Rationality- From AI to Zombies

Home > Science > Rationality- From AI to Zombies > Page 33
Rationality- From AI to Zombies Page 33

by Eliezer Yudkowsky


  After she said “I believe people are nicer than they are,” I asked, “So, are you consistently surprised when people undershoot your expectations?” There was a long silence, and then, slowly: “Well . . . am I surprised when people . . . undershoot my expectations?”

  I didn’t understand this pause at the time. I’d intended it to suggest that if she was constantly disappointed by reality, then this was a downside of believing falsely. But she seemed, instead, to be taken aback at the implications of not being surprised.

  I now realize that the whole essence of her philosophy was her belief that she had deceived herself, and the possibility that her estimates of other people were actually accurate, threatened the Dark Side Epistemology that she had built around beliefs such as “I benefit from believing people are nicer than they actually are.”

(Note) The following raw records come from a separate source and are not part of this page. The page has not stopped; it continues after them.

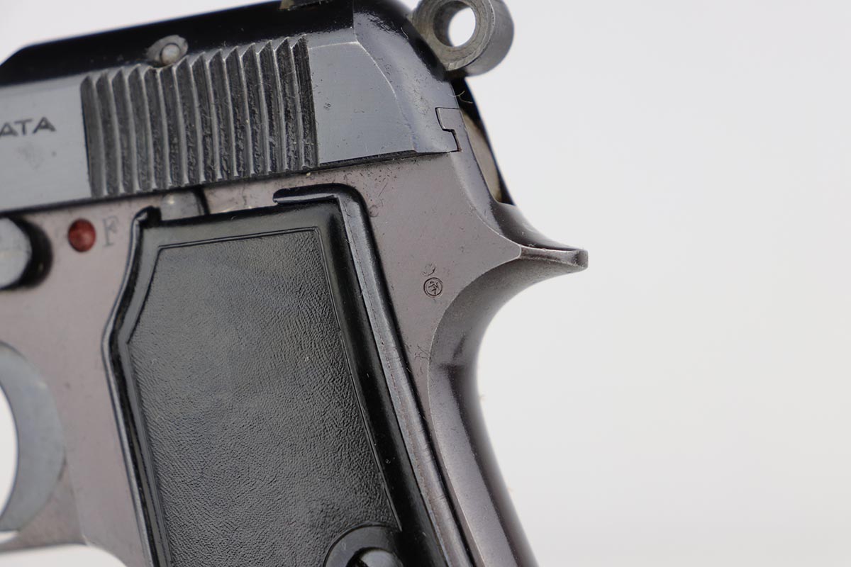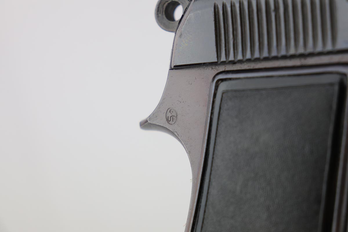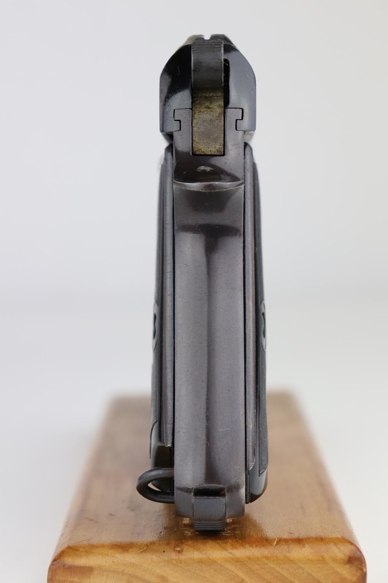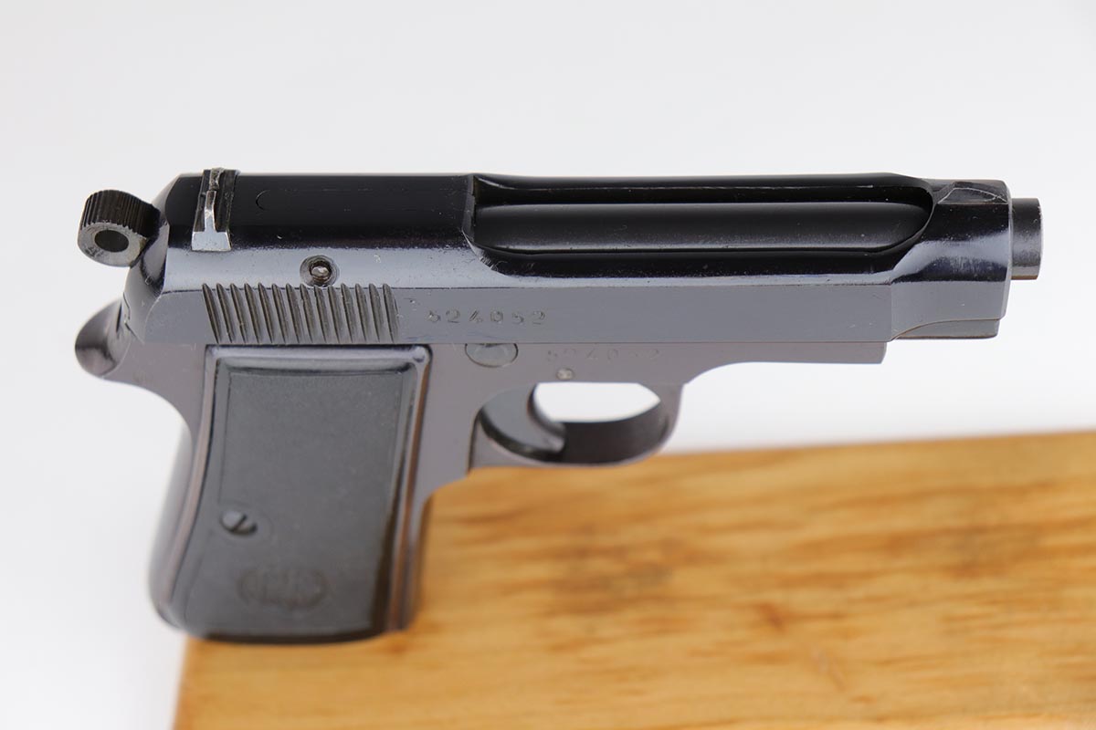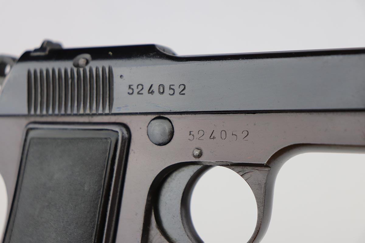 6/5/19 – This is an exceptional example of a Beretta M1935, with Nazi military ‘4UT’ proof on right side frame. Made in 1944 and chambered for the German-preferred 7.65mm, this pistol retains 97-98% high-polish blue with a nice plum color to the frame. There’s minor finish loss on the left side of the slide, near the muzzle and along the ejection port. Strong, shiny bore. Excellent grips and magazine.
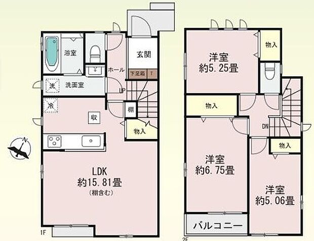 | 間取り | 3LDK 間取り内訳:リビングダイニングキッチン 15.8帖(1階)・洋室 5.2帖(2階)・洋室 5帖(2階)・洋室 6.7帖(2階) |
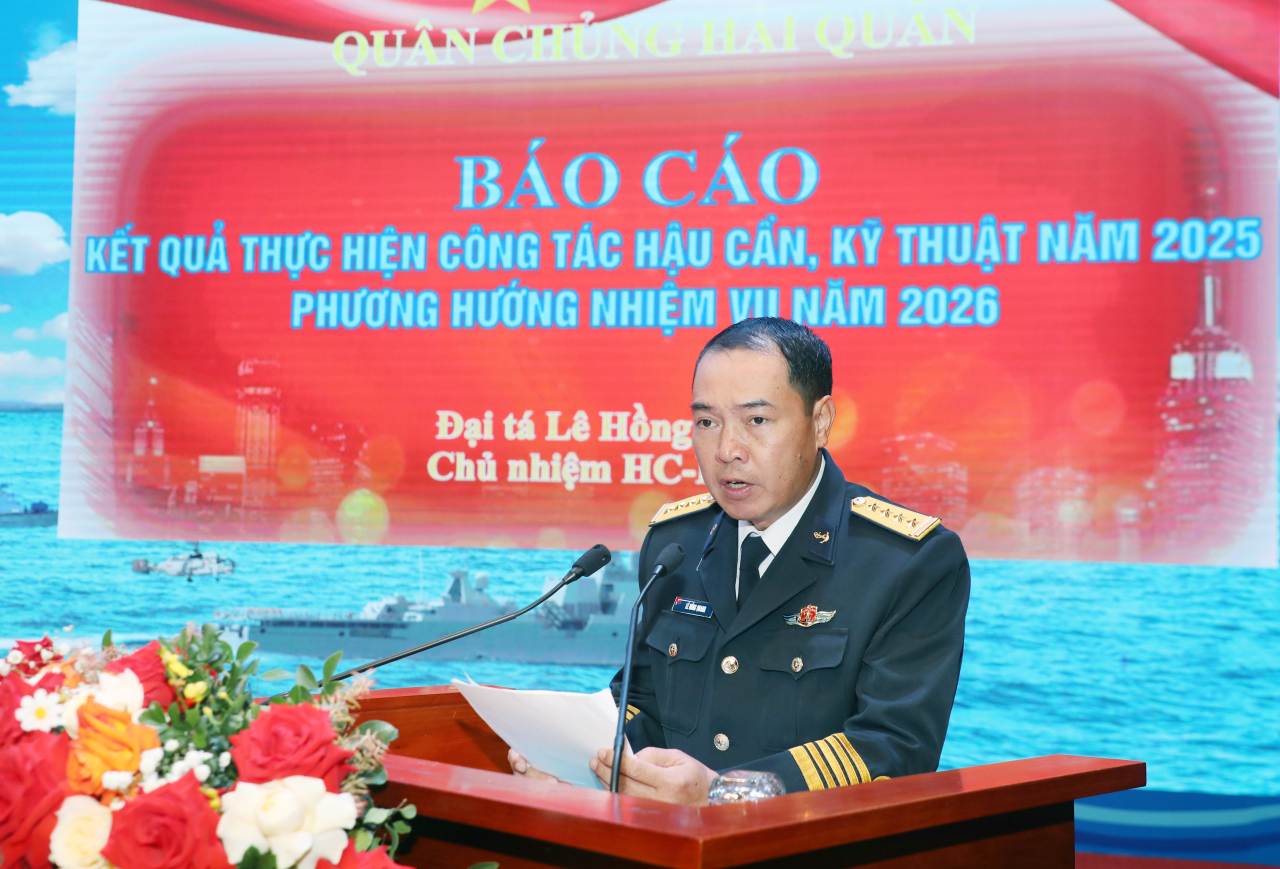 Báo cáo do Đại tá Lê Hồng Quang, Chủ nhiệm HC - KT Hải quân trình bày tại hội nghị cho biết, năm 2025, Ngành hậu cần HC – KT đã bám sát kế hoạch, chỉ lệnh các cấp, bảo đảm đầy đủ, kịp thời mọi mặt về HC, KT cho các nhiệm vụ của Quân chủng, một số nhiệm vụ hoàn thành xuất sắc như: bảo đảm cho lực lượng trực, huấn luyện chiến đấu, sẵn sàng chiến đấu, tham gia A50, A80, Lễ kỷ niệm 70 năm thành lập Hải quân nhân dân Việt Nam, Đại hội đại biểu Đảng bộ Quân chủng lần thứ XIV; tiếp nhận, huấn luyện chiến sĩ mới…

  She has taken the old idol off its throne, and replaced it with an explicit worship of the Dark Side Epistemology that was once invented to defend the idol; she worships her own attempt at self-deception. The attempt failed, but she is honestly unaware of this.

  And so humanity’s token guardians of sanity (motto: “pooping your deranged little party since Epicurus”) must now fight the active worship of self-deception—the worship of the supposed benefits of faith, in place of God.

  This actually explains a fact about myself that I didn’t really understand earlier—the reason why I’m annoyed when people talk as if self-deception is easy, and why I write entire essays arguing that making a deliberate choice to believe the sky is green is harder to get away with than people seem to think.

  It’s because—while you can’t just choose to believe the sky is green—if you don’t realize this fact, then you actually can fool yourself into believing that you’ve successfully deceived yourself.

  And since you then sincerely expect to receive the benefits that you think come from self-deception, you get the same sort of placebo benefit that would actually come from a successful self-deception.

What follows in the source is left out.